The problem of scale and variation of biological processes remain two fundamental hurdles to ecological understanding. Because many biological processes are variable and non-linear, our ability to explain ecological processes quickly breaks down when we scale up. While the development of scale transition theory in the past two decades has provided a powerful mathematical framework to unite disparate understandings at different biological scales (Chesson 2012, Denny & Benedetti-Cecchi 2012), other less understood emergent phenomena still cause theoretical predictions and empirical data to contradict.
Plant defense against herbivory has historically been dominated by mean-field theories, until a growing number of recent studies demonstrating the protective effect of trait variation (Herrera 2009, Wetzel et al. 2016). Yet, much remains unknown about some of the most basic biology before we can scale up to understand individual performance and population dynamics: How much variation is there? How does variation propagate across scales? What is the mean-variance relationship? What are the shapes of important functions (herbivore performance curves, herbivory-plant fitness curves)? How do herbivores sample plant trait variation? What is the extent of temporal and spatial autocorrelation? What is the relevant scale of different biological processes?

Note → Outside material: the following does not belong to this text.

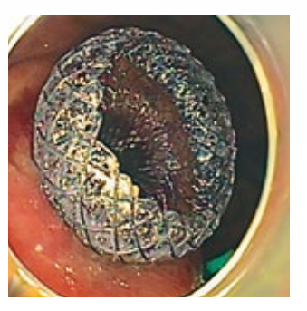
Transgastric access from stomach into pseudocyst

I investigate some of these questions using a combination of data synthesis, experiments, and mathematical modeling. More recent experimental work involves painting exogenous glucosinolate on Arabidopsis to examine the effect of plant toxin variation at different scales on plant fitness, herbivory distribution, and herbivore performance. I am also looking into using artificial diet to manipulate the variation and spatial arrangements of different food qualities. Other modeling work include exploring the emergent macro-patterns of phytochemical diversity, borrowing ideas from community ecology, statistical physics, and macroecology.